One of the great myths regarding immigration is that the aging profile of Europe will require large-scale immigration if the dependency ratio is not to become a big problem.
An excellent book, Do We Need Mass Immigration?, by Anthony Browne (published by Civitas, £6.00), deals, one by one, with the arguments of mass immigrationists and what he has to say on this point is of particular interest. The idea is known as “replacement immigration” and is more and more put forward as an unquestionable scientific law by pundits and by media.
Browne said this is “one of the most widespread and comforting self-delusions since humanity believed the sun went round the earth”. It is, he said, refuted by elementary demographics: immigrants are no fix for an ageing society because they age too.
The idea has been discredited by every authority that has looked at it – from the UN, to the Council of Europe, the European Commission, the UK Government Immigration Advisory Service the Home Office, and the OECD.
Browne quotes from a Home Office report of 2001. “The impact of immigration in mitigating population aging is widely acknowledged to be small because immigrants also age. For a substantial effect, net inflows of migrants would not only need to occur on an annual basis, but would have to rise continuously. Despite these and other findings, debate about the link between changing demography and a migration ‘fix’ refuses to go away.”
The Council of Europe in a 2000 report argued: “Migration flows cannot in future be used to reverse trends in population ageing and decline in most Council of Europe countries. The flows required would be too large and it would be impossible to integrate them into the economy and society.”
Even the UN report, Replacement Migration: Is It A Solution to Declining and Ageing Population?, often cited as proving the case for replacement migration, actually came to the completely opposite conclusion. The authors concluded that the scale of migration needed to change the demographic profile of a whole country is so large as to be “out of reach”. For example, to combat the effect of aging population in South Korea (a very rapidly aging society) almost the entire population of the earth would have to move there by 2050.
Key is the “dependency ratio”, which the UN defines as the ratio between the number of people of working age compared to the number of pensioners.
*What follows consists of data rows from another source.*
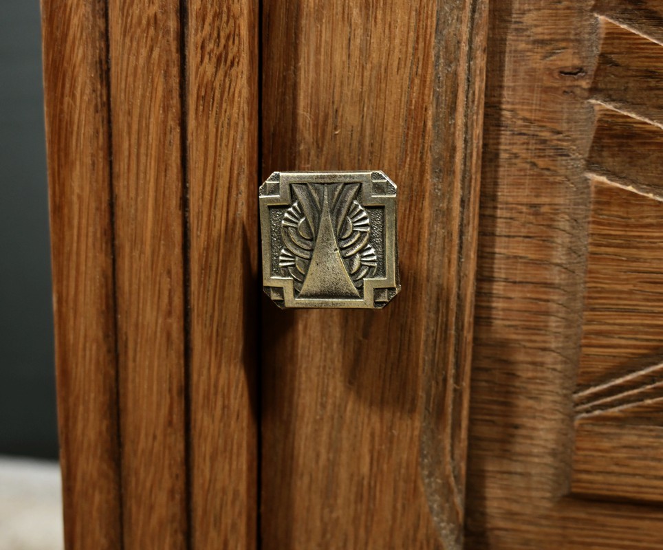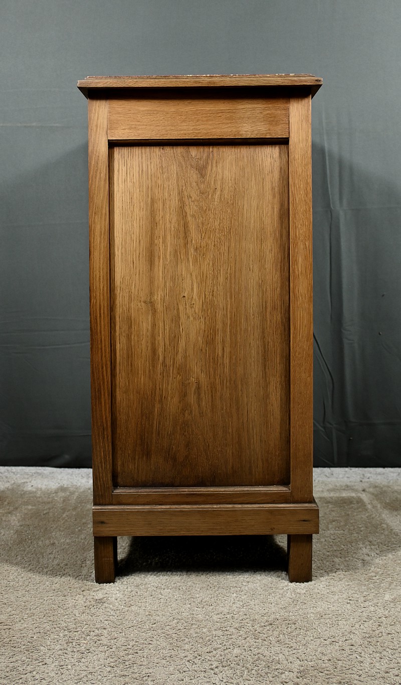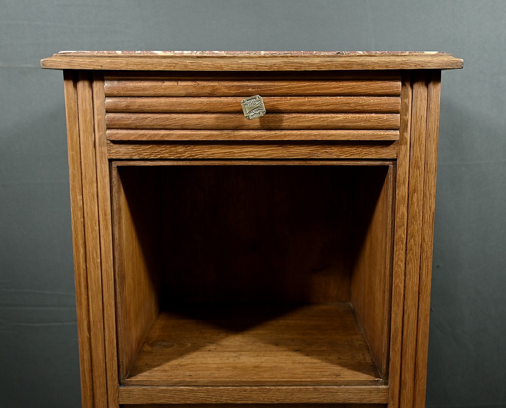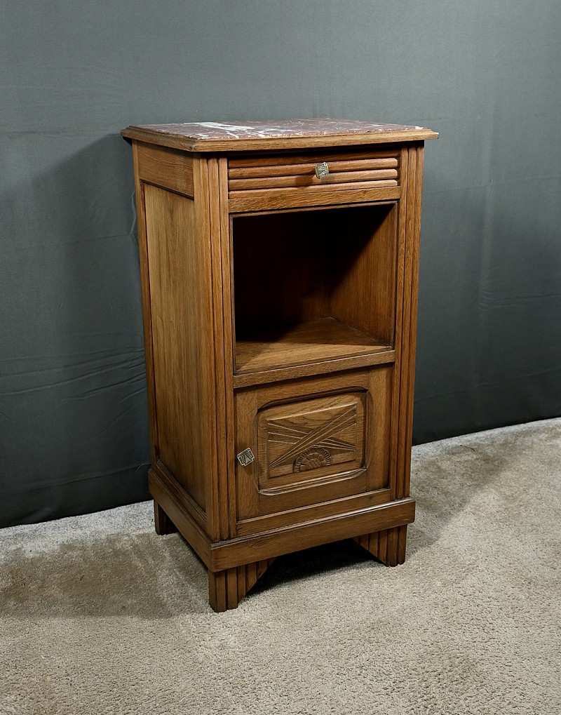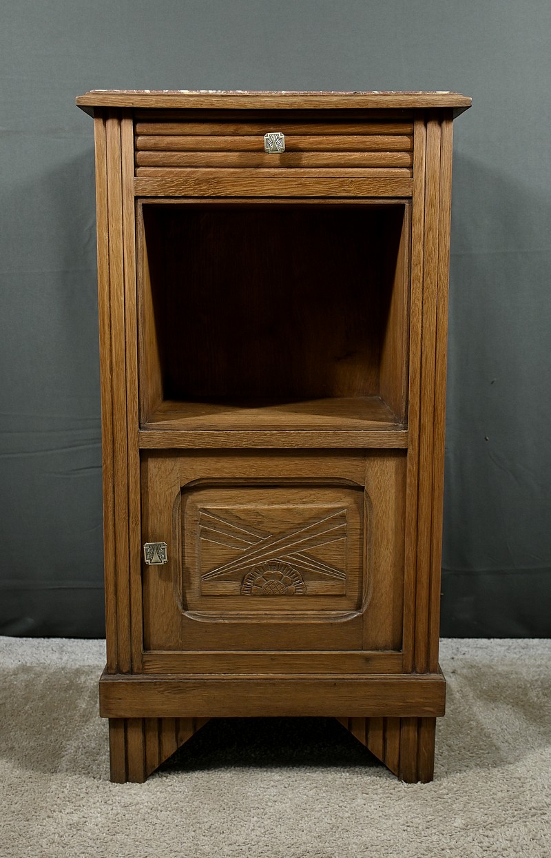 Petit meuble de rangement en chêne, doté d’un tiroir, d’une niche et d’une porte. Ce chevet est sommé d’un marbre griotte rouge de Belgique. La façade du tiroir est sculptée en trompe l’œil à l’horizontal et la porte est ornementée de grands motifs géométriques dans le style Art Déco. Les poignées de tirage de section carrée sont ciselées et les montants du meuble sont ouvragés en relief. Cette petite table repose sur des pieds avant travaillés en trompe l’œil à la verticale. Ce meuble de rangement est une pièce à la fois fonctionnelle et décorative.
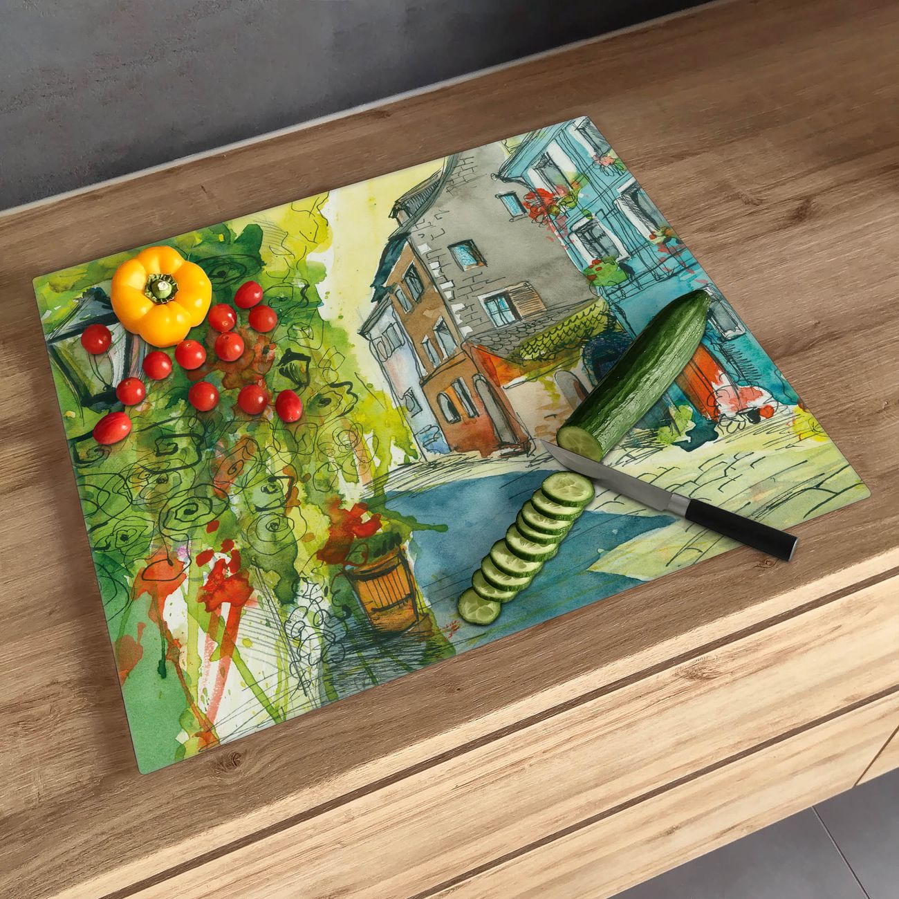 FUNKTION: Das banjado Schneidebrett mit Motiv Historischer Stadtkern ist groß und rutschfest und damit ideal für Ihre Küche. Besonders praktisch. Das Schneidebrett ist vielseitig einsetzbar: ob als Spritzschutz hinter dem Herd für Ihre Küche oder als Glas Schneidebrett als hygienische und geruchsneutrale Unterlage. Sie können ebenfalls heiße Töpfe und Pfannen bis 100°C auf der Herdplattenabdeckung abstellen. Sie erhalten ein Multitalent für Ihre Küche. QUALITÄT: Die Schneideplatte Glas besteht aus hochwertigem, gehärtetem und hitzebeständigem Glas. Wählen Sie aus einem unserer zahlreichen Motive das passende Design für Ihre Küche aus. DETAILS: Das Schneidebrett Glas groß ist in verschiedenen Größen verfügbar. Sie erhalten separate Gumminoppen damit Ihr großes Schneidebrett rutschfest in der Küche steht. VIELSEITIG: Das Schneidebrett modern ist ein Allrounder - als Schneideunterlage Küche direkt auf dem Herd oder separat und als Spritzschutz an der Wand aufgestellt - ein praktisches Küchenutensil. BANJADO: Auf Wunsch fertigen wir das Glas Schneide Brett auch als Sondergröße an. Mehrteilige Platten sind auch möglich. Kontaktieren Sie uns gern für eine Spezialanfertigung Ihrer Glasplatte Küche.
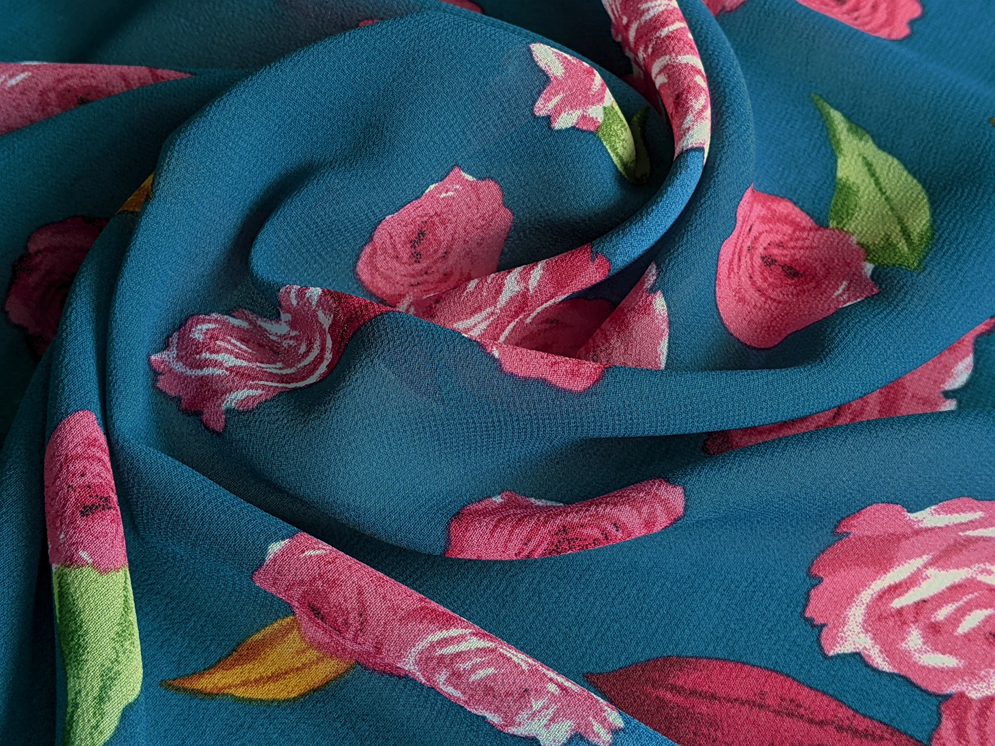 Шифон креповий троянди, блакитна бірюза

Currently this is 4.09:1 in the UK and in the absence of immigration, changes in fertility and retirement age, is forecast to decline to 2.5:1 by 2050. So “bring in young people”, say the pundits.
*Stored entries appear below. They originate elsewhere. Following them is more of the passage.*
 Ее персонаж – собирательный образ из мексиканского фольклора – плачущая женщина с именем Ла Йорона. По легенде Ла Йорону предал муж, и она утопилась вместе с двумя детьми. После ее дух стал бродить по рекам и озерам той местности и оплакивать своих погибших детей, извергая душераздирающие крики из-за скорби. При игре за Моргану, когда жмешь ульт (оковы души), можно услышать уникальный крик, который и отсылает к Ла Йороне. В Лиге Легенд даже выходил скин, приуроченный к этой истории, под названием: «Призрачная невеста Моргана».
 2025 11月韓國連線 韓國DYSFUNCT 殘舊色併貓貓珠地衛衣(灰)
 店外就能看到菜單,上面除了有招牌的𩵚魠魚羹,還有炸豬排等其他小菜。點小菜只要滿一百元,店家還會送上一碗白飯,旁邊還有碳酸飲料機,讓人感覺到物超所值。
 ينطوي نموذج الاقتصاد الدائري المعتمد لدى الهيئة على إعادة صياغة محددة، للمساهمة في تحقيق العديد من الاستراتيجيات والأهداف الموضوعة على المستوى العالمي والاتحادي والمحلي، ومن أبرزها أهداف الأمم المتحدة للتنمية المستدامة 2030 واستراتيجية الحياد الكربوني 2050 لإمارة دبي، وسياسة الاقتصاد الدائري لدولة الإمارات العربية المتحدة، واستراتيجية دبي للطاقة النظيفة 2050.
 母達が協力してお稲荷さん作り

But, the UK government actuary in a report (2001) said: “The single reason why even large constant net migration flows would not prevent support ratios from falling in the long term is that migrants grow old as well! Although a steady large inflow of young migrants would continue to boost the working-age population, before long it would start adding to the retirement-age population, and a four-to-one (say) potential support ratio could not be maintained.”
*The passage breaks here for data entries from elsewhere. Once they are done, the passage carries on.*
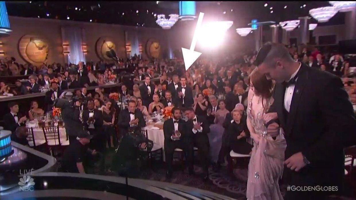 艾玛获得金球奖最佳女演员的时候,加菲起立为她鼓掌。
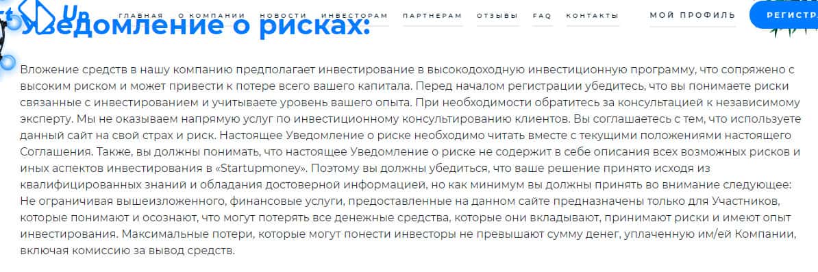 Лохотрон StartupMoney Company не исключает варианты, касательно потери всех вложенных средств клиентов. То есть об этот раздел сразу же разбиваются все гарантии и обещания, о которых так громко говорят шарлатаны. То есть если вы вложите деньги, то вряд ли вернете что-либо обратно.
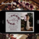 Det här vackra bröllop spara datum-kortet har en rustik burgundi och grått-design med modernt skript och en sprit av handmålade vattenfärgade löv, vindruvor eller löv. Det finns plats för ditt foto, parets placering i namn & bröllop. Elegant, snyggt och chic, det här kortet är ett underbart sätt att låta dina vänner och familj veta att spara datumet för din speciella dag.
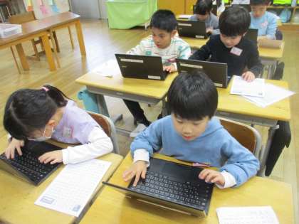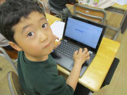 クロームブックにも慣れてきました。ローマ字の表を見ながら、自分の名前を入力する練習をしています。真剣な表情です。
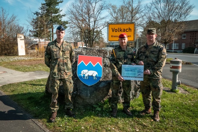 Die gesammelten Spenden kommen dem Soldatenhilfswerk der Bundeswehr e.V. zugute. Am 23. März fand die offizielle Spendenübergabe durch Spieß und Kompanieführer der 5./ LogBtl 467 statt. Hierzu reiste auch der zuständige Vertreter des Soldatenhilfswerkes für die Standorte Hardheim, Walldürn, Niederstetten und Volkach (rechts im Bild zu sehen) an. In einem würdigen Rahmen wurde der Spendenscheck übergeben und das Engagement der beteiligten Soldatinnen und Soldaten gewürdigt.
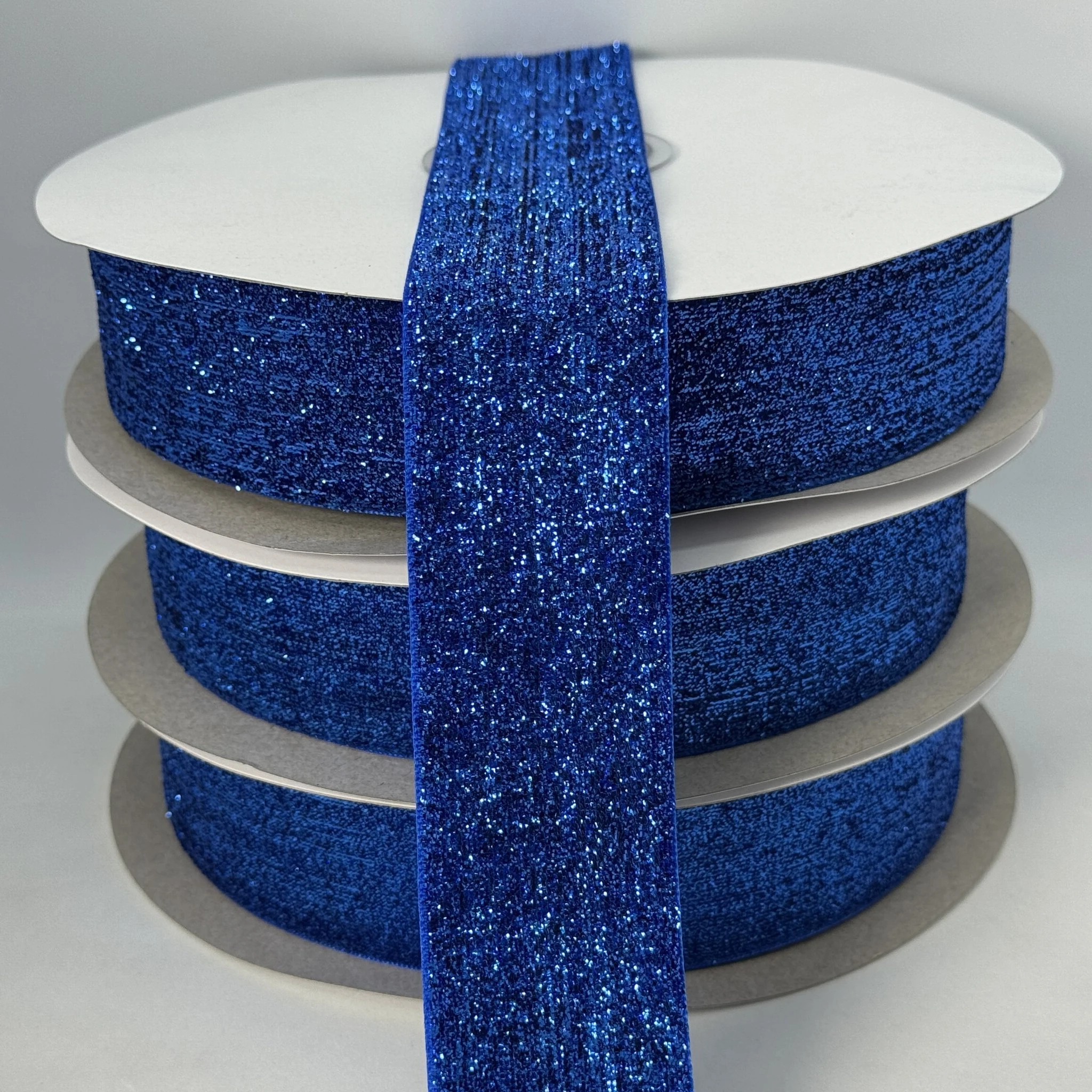 Оксамитова стрічка люрекс 3.8 см (25 ярдів/22,75 м.), 01 електрик
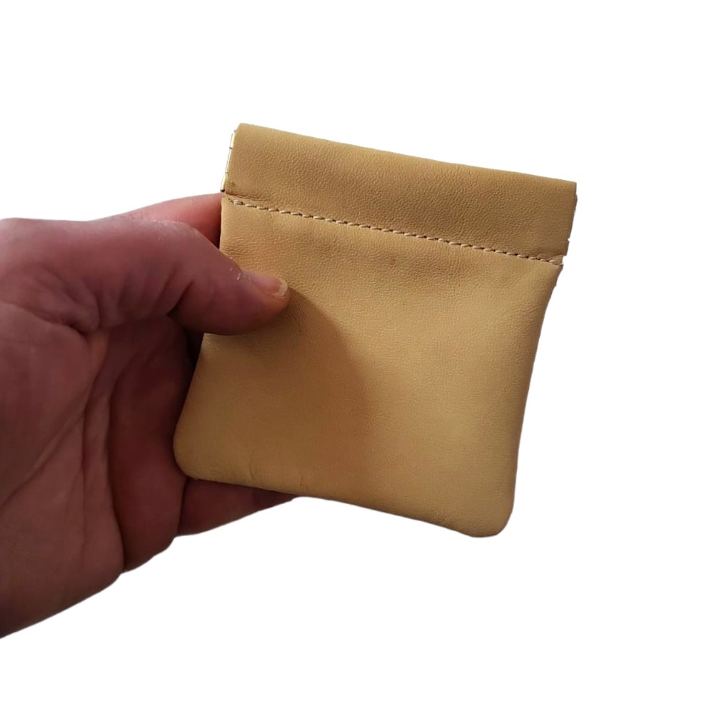 Elegante portamonete PAC PAC in vera pelle di colore Crema con chiusura a molla snap.

The UN calculates that to keep the UK ratio at 4.09:1 Britain would need 60 million immigrants by 2050, bringing the population to 136 Million. To continue the strategy another 130 million immigrants would be needed by 2100, doubling to about a quarter of a billion.
The scale of immigration needed to avoid adapting to an aging society is extraordinary, as the table shows; what it doesn’t show is that it is exponential and never reaches a plateau, it just keeps on growing. The US and Japan would need half a billion immigrants each, but even they would face the same problem.
The UK government actuary reached the same conclusion (2001). “Immigration policies should be governed by political and humanitarian objectives, and not by demographic considerations,” he argued.
Browne also said that the dependency ratio as defined by the UN is too narrow. The ratio, taking more factors into account, gives, said the UK actuary, a more benign picture.
It is a mistake, said Browne, to think in terms of “solving” an ageing society. An ageing society is the logically inevitable consequences of increasing life expectancies and stabilising populations. “An ageing society is not something we can escape, but it is something we can adjust to,” he said.
Finally, Browne said there is no need to fear that an ageing society will mean unbearable healthcare costs. In fact, studies on the subject show that the impact of an ageing society on health spending will be relatively small. This is because the effect of increasing life expectancy is not so much to increase healthcare costs as to postpone them.
The Wanless Report for the British Treasury said: “Demographic changes have had less of an impact on health spending than many people tend to think. There is a widening body of evidence which shows that proximity to death has a larger impact on healthcare costs than age.” It is therefore possible that the effect of an aging population will be to postpone rather than to increase health service costs.